Sutterton church explores its ties with Henry VIII’s Archbishop of Canterbury
Links between Sutterton church and Henry VIII’s Archbishop of Canterbury – Thomas Cranmer – are being uncovered by research linked to a massive restoration.
Some £182,200 of Heritage Lottery Fund cash is being poured into a near £240,000 project to save the “at risk”, grade 1 listed St Mary’s Church.
Cranmer became Archbishop of Canterbury in 1533 and it was he who declared Henry’s marriage to Catherine of Aragon void and married the king to Ann Boleyn.

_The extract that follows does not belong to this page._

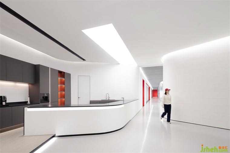室內(nèi)采用簡(jiǎn)潔的材料,公共區(qū)域鋪設(shè)人造石地板,辦公和研發(fā)空間鋪設(shè)地毯,便于未來(lái)靈活布置。大部分垂直表面采用金屬、石材和玻璃材料,天花板保持干凈裸露,以創(chuàng)造高度和空間靈活性。所有的室內(nèi)隔斷、滑動(dòng)門(mén)、嵌入式櫥柜都采用的是柏麗和德祿自己的產(chǎn)品。我們的想法便是,研發(fā)中心的內(nèi)部工作空間同時(shí)也是一個(gè)“現(xiàn)場(chǎng)展示廳”,員工們?cè)谧约涸O(shè)計(jì)和生產(chǎn)的產(chǎn)品間穿梭。

He remained archbishop during the reign of Henry’s son, Edward VI, but in 1556 Henry’s daughter – Mary I – had Cranmer burnt at the stake in Oxford for treason.

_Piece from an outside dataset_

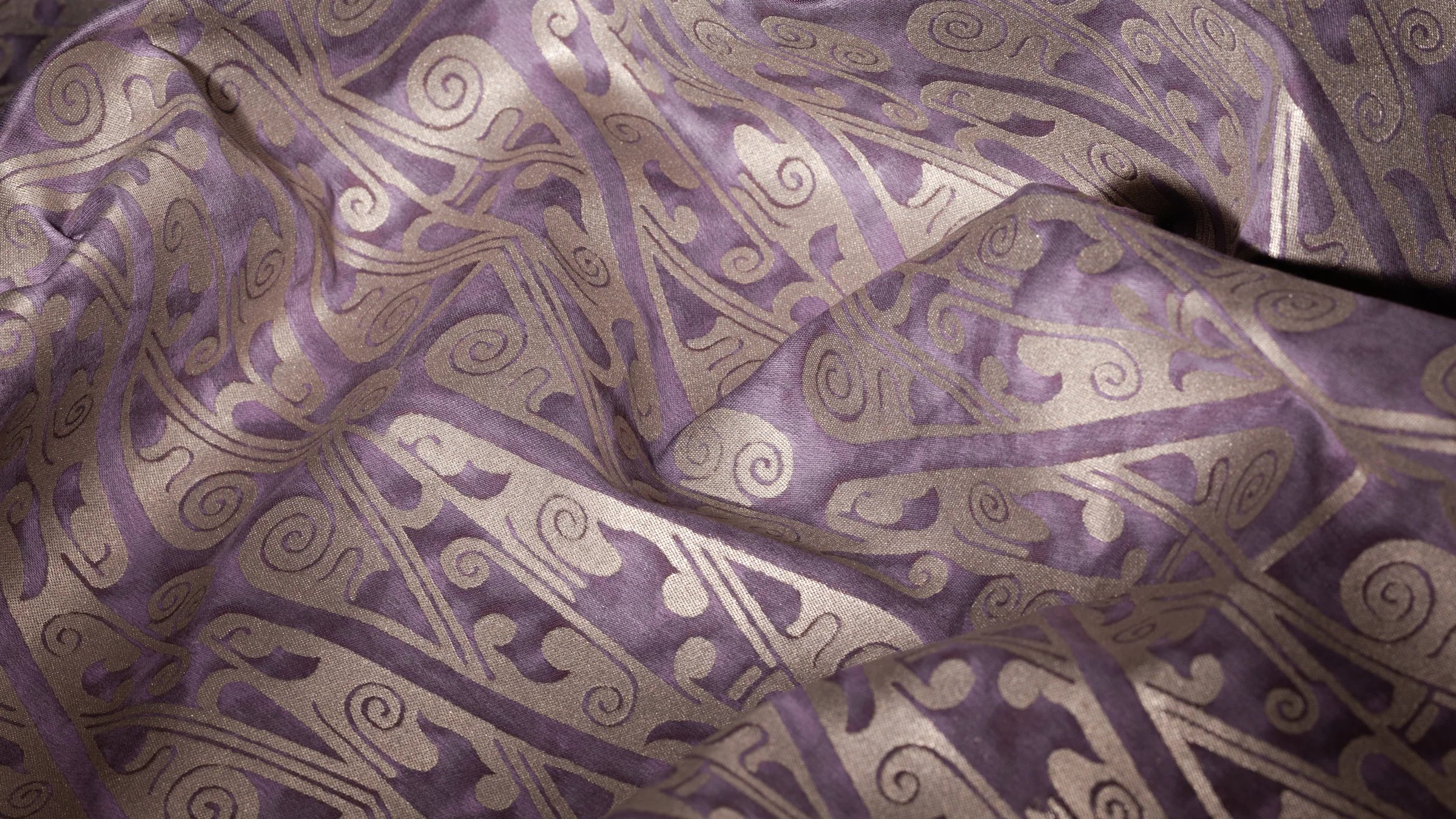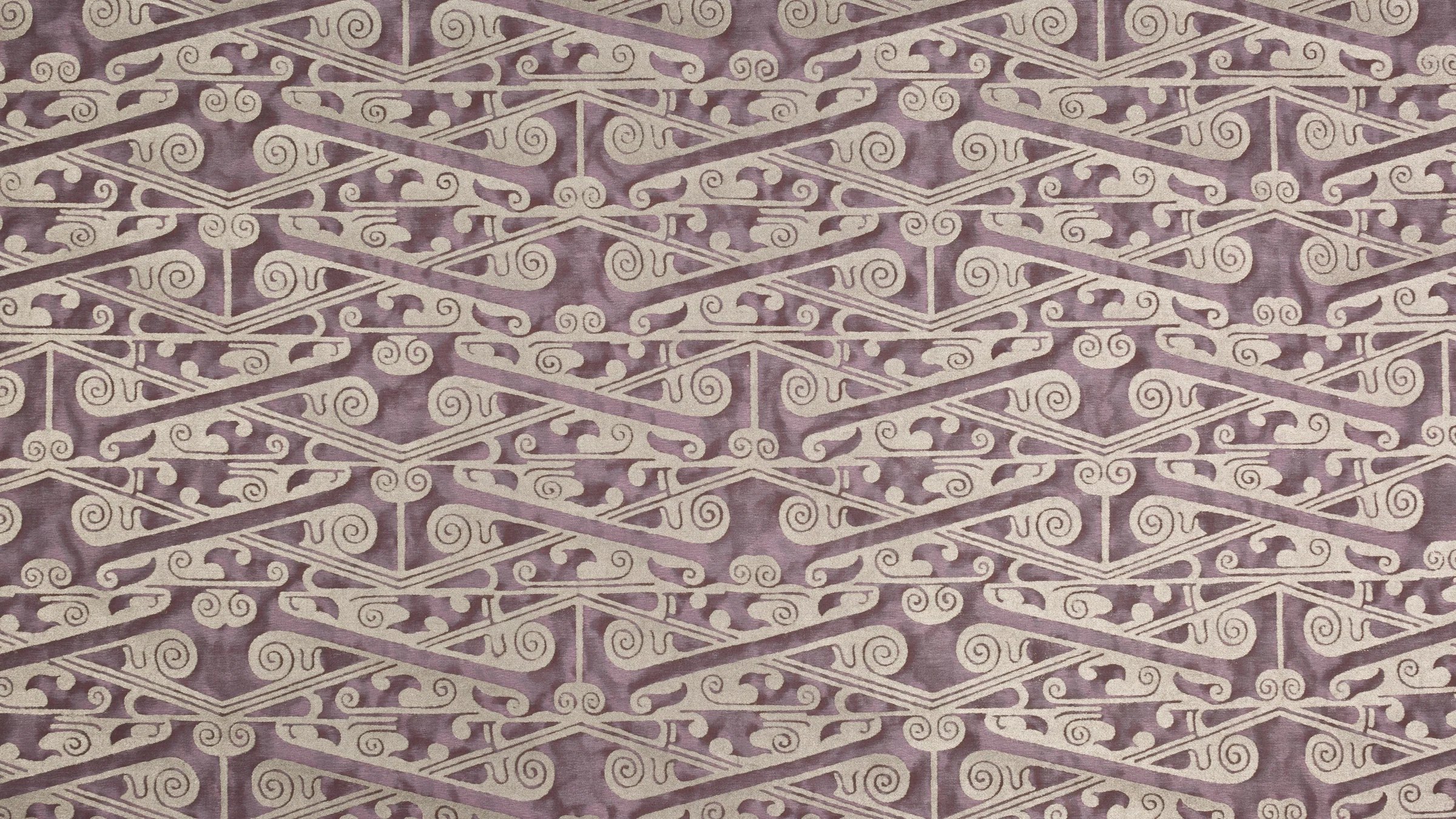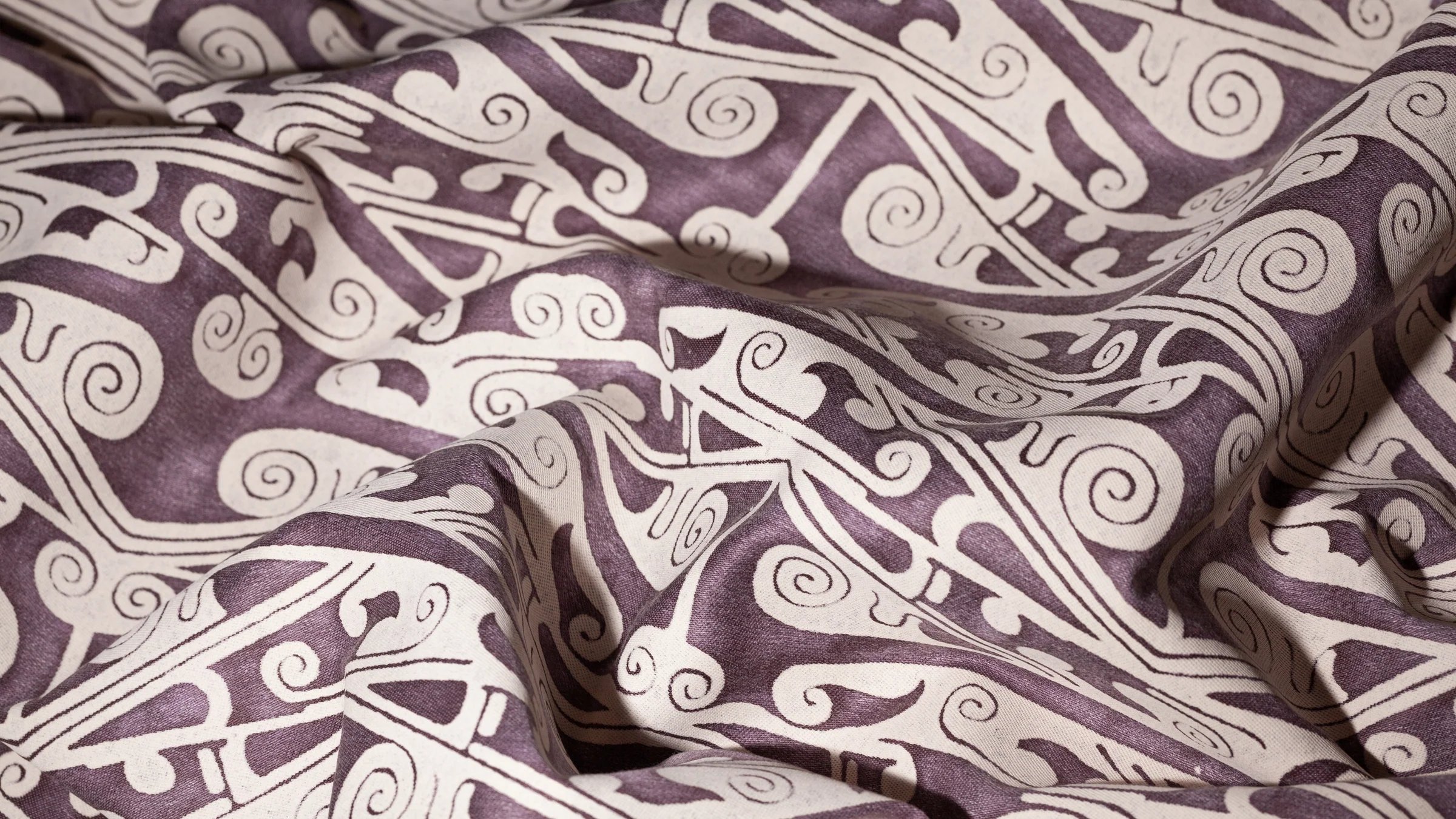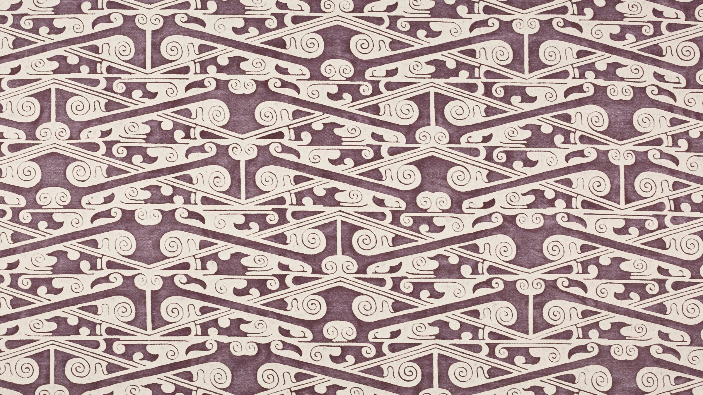 Designed in 1949, just months before Mariano Fortuny’s passing, TZIN’s pattern remains a bit of a mystery. However, the name and spiral motif suggest the Mesoamerican city of Tzintzuntzan, first excavated in the 1930s and 40s. The site's five rounded yácata pyramids were arranged in a keyhole-like shape and clad in stone slabs decorated with spirals, circles, and other petroglyphs, similar to the motifs in TZIN.

Retired solicitor Peter Cropley and churchwarden David Mossman, a former chairman of Spalding Civic Society, will soon head to Oxford because The Bodleian Library has a series of documents on St Mary’s in Tudor times, offering a tantalising prospect of a big discovery.

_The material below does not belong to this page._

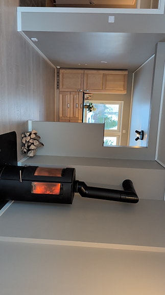 Leiligheten er utstyrt med varmeovner itillegg til vedfyring.

Generations of Peter’s family have lived in Sutterton since 1700s, and he’s long known of the links to the Cranmer family.
He said: “We are hoping we find something new in The Bodleian ... we might even find records of a visit (by Cranmer).”
Peter says the first recorded spelling of Cranmer was in 1273 in Sutterton, and it refers to Hugh de Cranmer, who had a manor in the south of the village and lived in Cranmer Hall.
Peter and David would dearly love to locate the site of Cranmer Hall but much of their focus is on the man who became archbishop.
While Thomas Cranmer was born at Aslockton, Nottinghamshire, he maintained ties with Sutterton and Lincolnshire, and it’s likely Cranmer had knowledge of a restoration at St Mary’s when the church was substantially altered.
The history of St Mary’s will be displayed in the church and the story resulting from hours of painstaking research will be published in a book.